## Your task
In the records below, the lines between the one holding "令和5年 バッティングセンターで豪速球に挑戦!" and the one holding "Žirija nej mejla léko delo", inclusive, are to be transcribed exactly; no pictures are to be included.

[Records from a dataset]

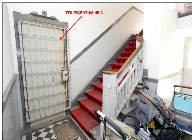
Zugangstür zum Bewertungsobjekt
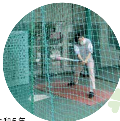
令和5年 バッティングセンターで豪速球に挑戦!
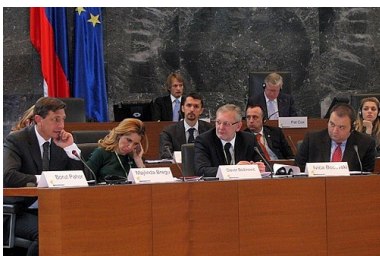
Дебатите од конгресот беа пренесувани во живо на ТВ

Амбициозниот настан насловен како Љубљана конгрес „Граѓанското општество ги предизвикува јавните авторитети“ се одржа во Љубљана во периодот 16-18 април 2009 година, во организација на Европското движење, а со поддршка на Парламентот и Владата на Словенија, Европската комисија и градот Љубљана.
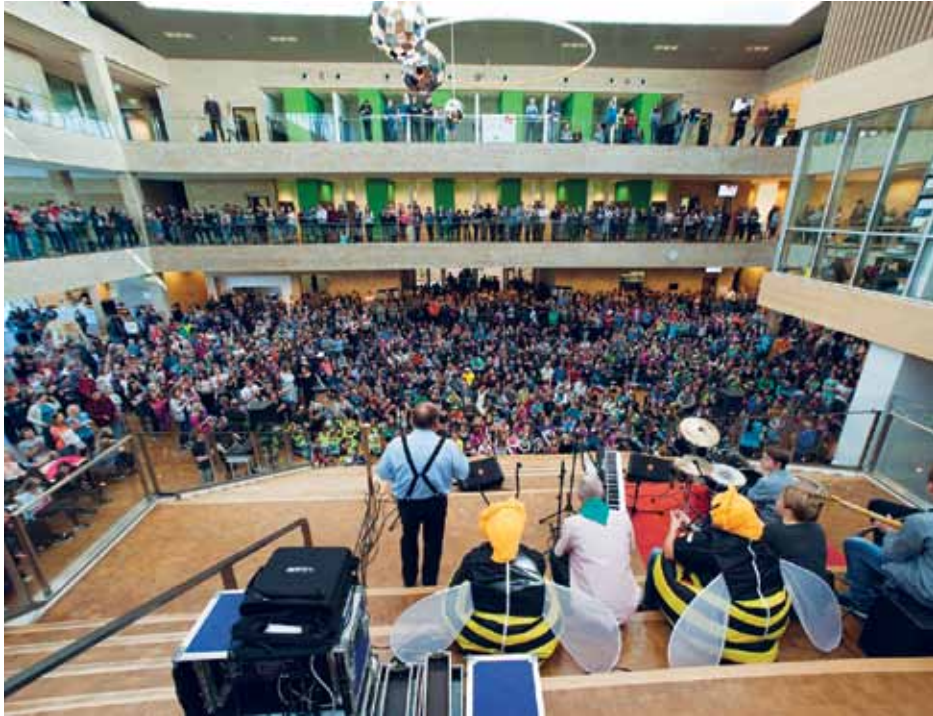
2000 børn og unge og flere hundrede voksne var i maj samlet til Grøn Festival på A.P. Møller Skolen i Slesvig.

Ja, man kan blive helt forpustet; men alt i alt vidner det om, at Skoleforeningen sprudler af liv og af mange spændende aktiviteter.
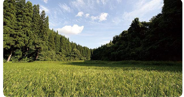
(所在地:潟上市昭和豊川) (規模:31.0ha)
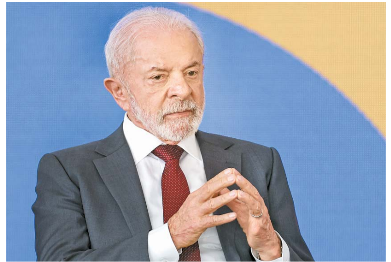
Presidente publicou decisão no Diário Oficial da União de ontem

Em 2023 e 2024, o governo já havia adotado essa postura, impedindo o benefício a réus do 8 de janeiro. Essa vedação aparece na minu-
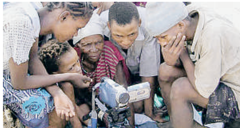
Sprachforschung in Namibia mit Sprechern des bedrohten Akhoe Hail/om.

Das Wichita ist kein Einzelfall. Sprachwissenschaftler schätzen, dass weltweit zwei Sprachen pro Woche untergehen, jedes Jahr dürfte es bis zu hundert Sprachen treffen. Ein Ende des Niedergangs ist nicht abzusehen. Im Gegenteil: Je enger die Welt zusammenrückt, je stärker Globalisierung, Migration und moderne Kommunikationstechniken die Gesellschaften verändern, desto schneller verläuft das Sprachensterben. Heute zählt die Wissenschaft noch mehr als 6000 Sprachen, gegen Ende des Jahrhunderts sind wohl bis zu 80 Prozent von ihnen tot, weil der letzte Sprecher gestorben ist. Be-
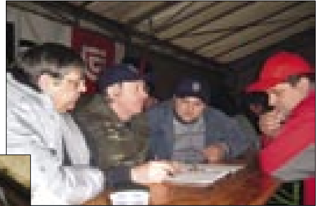
Žirija nej mejla léko delo

je delala hurke, repo, krompir. Domanji, Seničarge pa so meli hurke, klobase pa nadenjeno kapüsto. Tak ka gesti je bilau dosta, pa vsefele. Kelnarge so tö dosta dela meli, ka je lüstvo žedno tö bilau. Med dnevom so dekle odavale tombole (srečke), vsakši,

## Solution below
令和5年 バッティングセンターで豪速球に挑戦!
Дебатите од конгресот беа пренесувани во живо на ТВ

Амбициозниот настан насловен како Љубљана конгрес „Граѓанското општество ги предизвикува јавните авторитети“ се одржа во Љубљана во периодот 16-18 април 2009 година, во организација на Европското движење, а со поддршка на Парламентот и Владата на Словенија, Европската комисија и градот Љубљана.
2000 børn og unge og flere hundrede voksne var i maj samlet til Grøn Festival på A.P. Møller Skolen i Slesvig.

Ja, man kan blive helt forpustet; men alt i alt vidner det om, at Skoleforeningen sprudler af liv og af mange spændende aktiviteter.
(所在地:潟上市昭和豊川) (規模:31.0ha)
Presidente publicou decisão no Diário Oficial da União de ontem

Em 2023 e 2024, o governo já havia adotado essa postura, impedindo o benefício a réus do 8 de janeiro. Essa vedação aparece na minu-
Sprachforschung in Namibia mit Sprechern des bedrohten Akhoe Hail/om.

Das Wichita ist kein Einzelfall. Sprachwissenschaftler schätzen, dass weltweit zwei Sprachen pro Woche untergehen, jedes Jahr dürfte es bis zu hundert Sprachen treffen. Ein Ende des Niedergangs ist nicht abzusehen. Im Gegenteil: Je enger die Welt zusammenrückt, je stärker Globalisierung, Migration und moderne Kommunikationstechniken die Gesellschaften verändern, desto schneller verläuft das Sprachensterben. Heute zählt die Wissenschaft noch mehr als 6000 Sprachen, gegen Ende des Jahrhunderts sind wohl bis zu 80 Prozent von ihnen tot, weil der letzte Sprecher gestorben ist. Be-
Žirija nej mejla léko delo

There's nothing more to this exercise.